PG&E isn’t the only California electric utility to propose direct ownership of charging station assets. A couple months ago, the California Public Utilities Commission made rule changes allowing utilities to directly own charging stations. Since then, San Diego Gas & Electric and Southern California Edison both have proposed plans, and now so has PG&E, to directly own charging station networks.
CP’s statement refers to the SCE plan as the preferred alternative.
To echo one of the points ChargePoint makes, the PG&E plan explicitly says “level 2 charging (25 miles of range per hour of charging)”. That’s an excruciatingly slow charging rate, made palatable only because it’s faster than the 3.3 kiloWatt charging rate that gave 12 miles of range per hour of charging.
I expect that by 2017 or so the electric car makers might be selling EV’s with higher power on-board AC charging units. If so, these cars are going to be hobbled by public infrastructure running at a measly 6 kiloWatt charging rate. In other words, in my opinion, the charging network operators need to bite the bullet and install higher powered charging stations, in preparation for future EV’s that can utilize higher powered charging. Instead, PG&E is planning to engrave the 6 kiloWatt charging rate in stone.
We already have 4 such vehicles on the market – BMW i3, Tesla Model S, Mercedes-Benz B-Class, and Toyota RAV4 EV (gen2) all support a higher charging rate on level 2 AC charging. There could well be more of them by 2017.
The 800 pound Gorilla effect
In 2012 at least one of the charging network operators, ECOTality, then the owner of the Blink Network, filed suit to block the deal between NRG and the CPUC. A large part of ECOTality’s complaint was the 800 pound gorilla effect.
Namely, NRG as a huge company, has a lot more resources in its back pocket than ECOTality, ChargePoint, and the other startups in this space. When a big company yawns, sometimes the little companies fail to survive the change.
PG&E is also a huge company. Will they cause problems for the fledgling electric vehicle charging network market?
For their part, PG&E’s representatives repeatedly said during the conference call they’re working hard to support the whole of the market rather than take over the market.
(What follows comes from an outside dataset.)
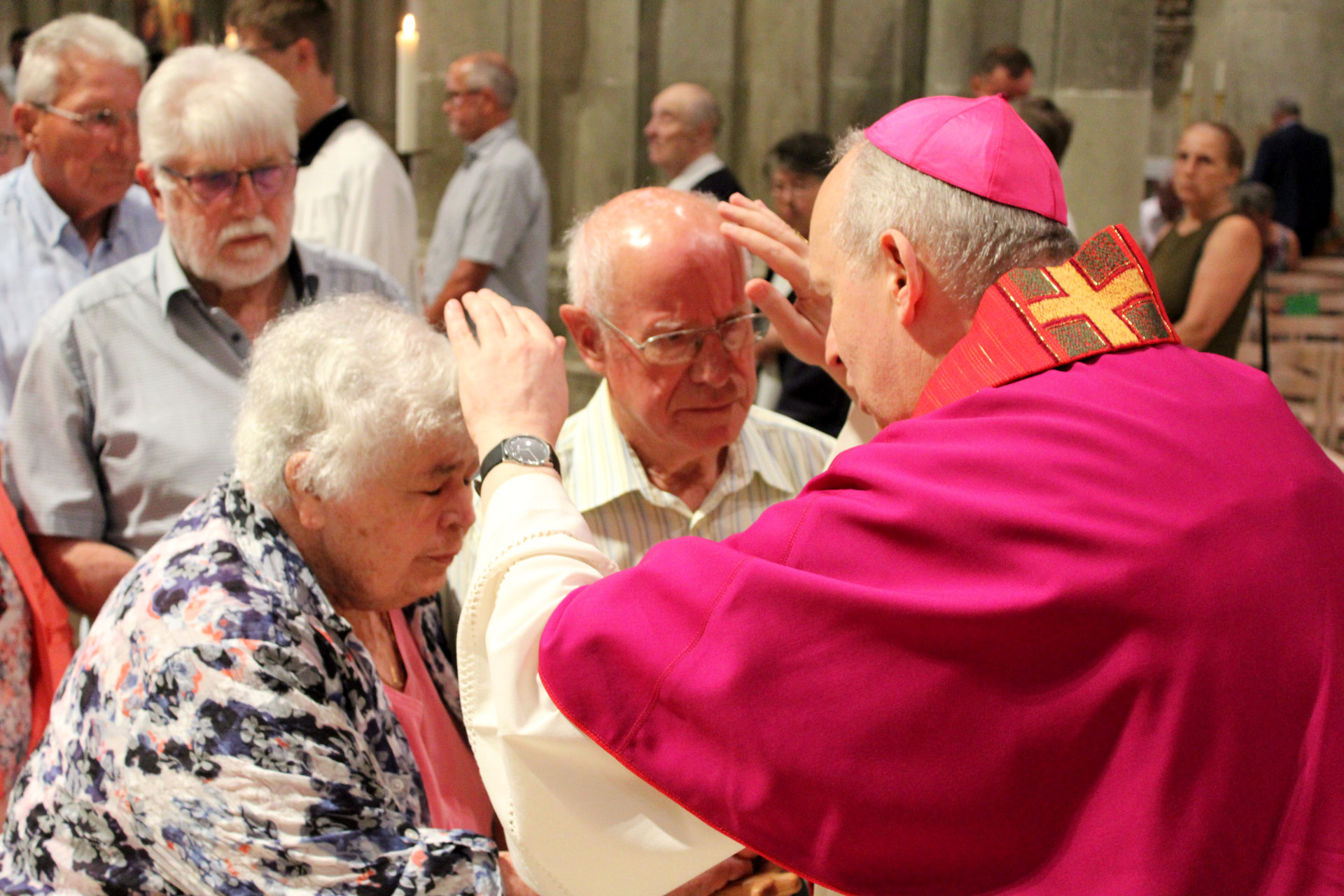 Der Bischof sprach den Ehejubilaren seinen tiefen Dank für ihr beeindruckendes und öffentliches Zeugnis einer treuen und langjährigen Partnerschaft aus. Sie geben „mit Ihrer ganzen Existenz in der Herzmitte unserer Kirche“ ein ermutigendes Zeichen, das nicht nur für junge Menschen eine wichtige Orientierung ist. „Auch für uns Bischöfe und Priester, ich darf das offen bekennen, sind die Tage der Ehejubilare im Dom Tage großer Freude und Ermutigung.“ Zum Abschluss verband Bischof Rudolf seinen Segen mit einem klaren Wunsch: „Auf noch viele Jubiläen!“

However the truth is that they’re plunking down a large chunk of money (CP said “hundreds of millions of dollars”) to take a 25% market share.
That they’re structuring the plan to work with 3rd party companies helps, but a 25% market share is significant.
Despite all the concerns cited above, this (and other announcements from other electric utilities) are a validation that the electric car market is becoming real. The big players are starting to horn in on the territory, in other words.
It’s the electric utilities that stand to gain the most from electric car adoption. Becoming a transportation fuel provider opens a whole new market niche for them.
Where do you think it will go? Do you think PG&E’s proposal is fair?